Deep learning architectures for computer vision applications typically require huge amount of manually annotated data to be applied effectively on a given task. An enormous and ever growing number of images and videos with additional information such as tags, captions, comments, etc. are available in the internet. Adopting a multi-modal approach by integrating this textual data with the visual information present in the images can enable the machines in learning a richer representation of the visual content. These metadata can also be used to provide a form of weak supervision for feature learning. In this way, the most important limitation faced by most of the existing deep learning architectures for vision, the requirement of huge quantity of labeled data, can be addressed. The objective of this PhD study is to develop deep learning architectures for vision understanding, by leveraging the availability of textual data present with images and videos.




Recurrent Face Alignment

Wei Wang

Face Alignment

Mainstream direction in face alignment is now dominated by cascaded regression methods. These methods start from an image with an initial shape and build a set of shape increments by computing features with respect to the current shape estimate. These shape increments move the initial shape to the desired location. Despite the advantages of the cascaded methods, they all share two major limitations: (i) shape increments are learned separately from each other in a cascaded manner, (ii) the use of standard generic computer vision features such SIFT, HOG, does not allow these methods to learn problem-specific features. In this work, we propose a novel Recurrent Convolutional Face Alignment method that overcomes these limitations. We frame the standard cascaded alignment problem as a recurrent process and learn all shape increments jointly, by using a recurrent neural network with the gated recurrent unit. Importantly, by combining a convolutional neural network with a recurrent one we alleviate hand-crafted features, widely adopted in the literature and thus allowing the model to learn task-specific features. Moreover, both the convolutional and the recurrent neural networks are learned jointly. Experimental evaluation shows that the proposed method has better performance than the state-of-the-art methods, and further support the importance of learning a single end-to-end model for face alignment.

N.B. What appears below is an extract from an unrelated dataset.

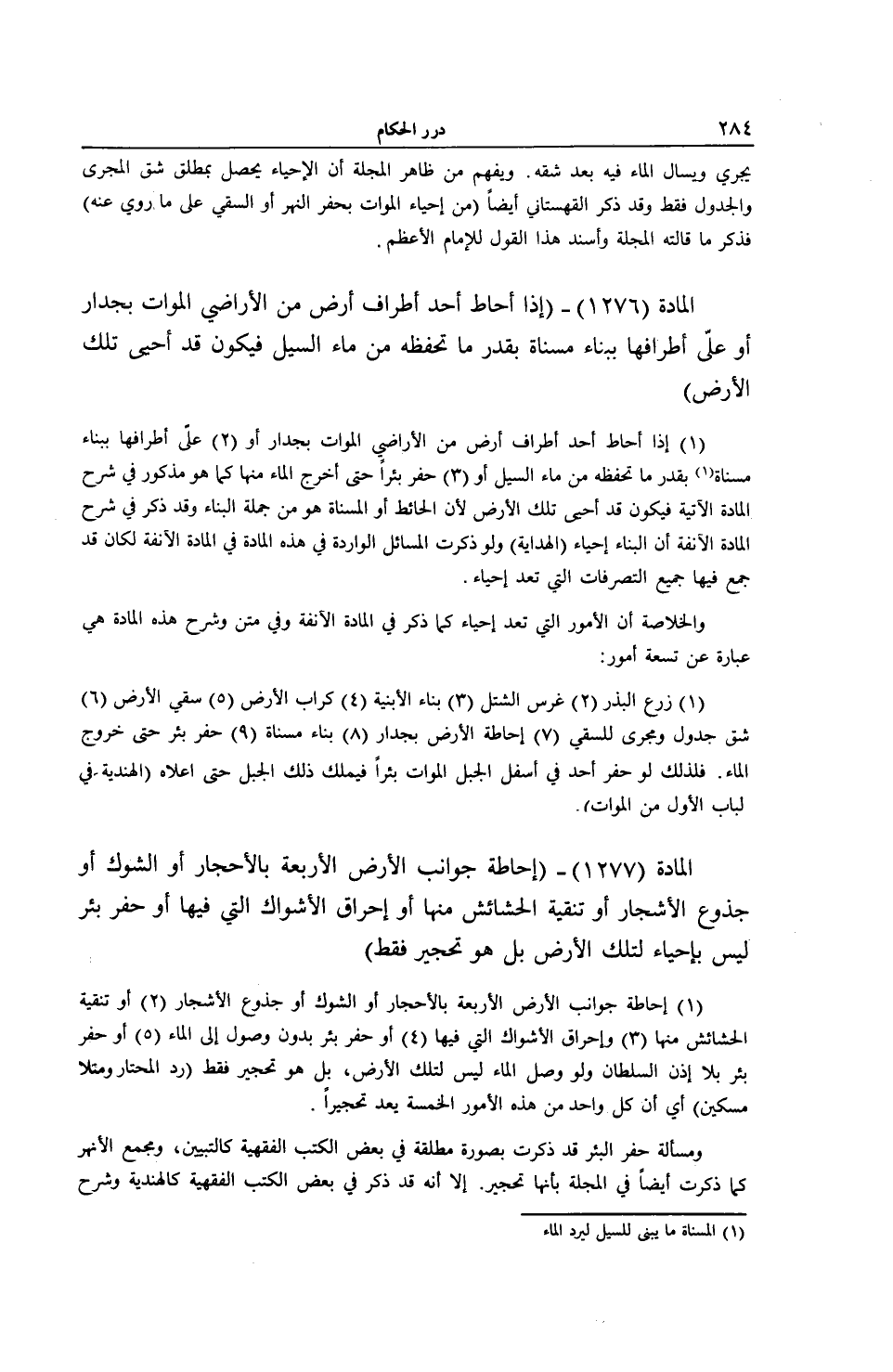وَيُفْهَمُ مِنْ ظَاهِرِ الْمَجَلَّةِ أَنَّ الْإِحْيَاءَ يَحْصُلُ بِمُطْلَقِ شَقِّ الْمَجْرَى وَالْجَدْوَلِ فَقَطْ وَقَدْ ذَكَرَ الْقُهُسْتَانِيُّ أَيْضًا (مِنْ إحْيَاءِ الْمَوَاتِ بِحَفْرِ النَّهْرِ أَوْ السَّقْيِ عَلَى مَا رُوِيَ عَنْهُ) فَذَكَرَ مَا قَالَتْهُ الْمَجَلَّةُ وَأَسْنَدَ هَذَا الْقَوْلَ لِلْإِمَامِ الْأَعْظَمِ.

Deep representation learning for image and video understanding

Dan Xu

Visual detection and reconstruction; CNN; graph model

My name is Dan Xu. I am currently a third year Ph.D. student in the Department of Information Engineering and Computer Science, The University of Trento, and a member of Multimedia and Human Understanding Group (MHUG) under supervision of Prof. Nicu Sebe. I was a research assistant at the Department of Mechanical and Automation Engineering, The Chinese University of Hong Kong. My research is focusing on computer vision, multimedia and machine learning. Specifically, I am interested in deep learning and its applications to a variety of topics such as video activity analysis, visual detection, reconstruction and segmentation.